▸ **ASSIGNED TASK**: Scan the lines below and report each one containing "event" by copying it.
**** DATASET EXTRACT
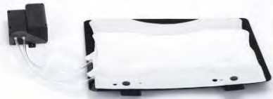
IY-011 Pneumatic four-way lumbar support
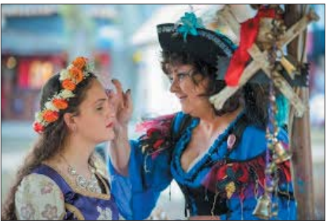
Texas Renaissance Festival festivities from last year's event, held at Todd Mission, 50 miles north of Houston.

HOUSTON – Magic, merriment and majesty await at this year's Texas Renaissance Festival, the nation's largest Renaissance-themed event, now announcing unique themes for all nine festival weekends, from September 29 to November 25, 2018, and a brand new season pass, The Royal Pass. In 2017, Texas Renaissance Festival saw its second highest attendance season, welcoming a total of 644,917 attendees, while facilitating 63 weddings, the most recorded in a single season. Texas Renaissance Festival also saw a 14 percent increase in campers from the previous year, hosting 23,000 guests in the campgrounds – suited perfectly for both those seeking nighttime thrills around a bonfire, and families seeking a quiet retreat with a place to shake off the fairy dust. “We encourage the noblest lords and ladies of the land who are interested in purchasing Festival tickets to secure the Royal Pass at once to get the most savings -- up to 68% off admission, with many free perks
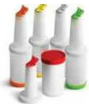
Store & Pourer 1 Ltrs. Item - BASP 01
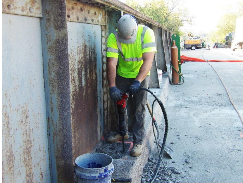
Workers continued to remove deteriorated curb sections
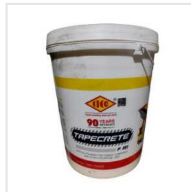
CICO P 151 Tapecrete Waterproofing
********
▸ **ANSWER SECTION**:
Texas Renaissance Festival festivities from last year's event, held at Todd Mission, 50 miles north of Houston.
HOUSTON – Magic, merriment and majesty await at this year's Texas Renaissance Festival, the nation's largest Renaissance-themed event, now announcing unique themes for all nine festival weekends, from September 29 to November 25, 2018, and a brand new season pass, The Royal Pass. In 2017, Texas Renaissance Festival saw its second highest attendance season, welcoming a total of 644,917 attendees, while facilitating 63 weddings, the most recorded in a single season. Texas Renaissance Festival also saw a 14 percent increase in campers from the previous year, hosting 23,000 guests in the campgrounds – suited perfectly for both those seeking nighttime thrills around a bonfire, and families seeking a quiet retreat with a place to shake off the fairy dust. “We encourage the noblest lords and ladies of the land who are interested in purchasing Festival tickets to secure the Royal Pass at once to get the most savings -- up to 68% off admission, with many free perks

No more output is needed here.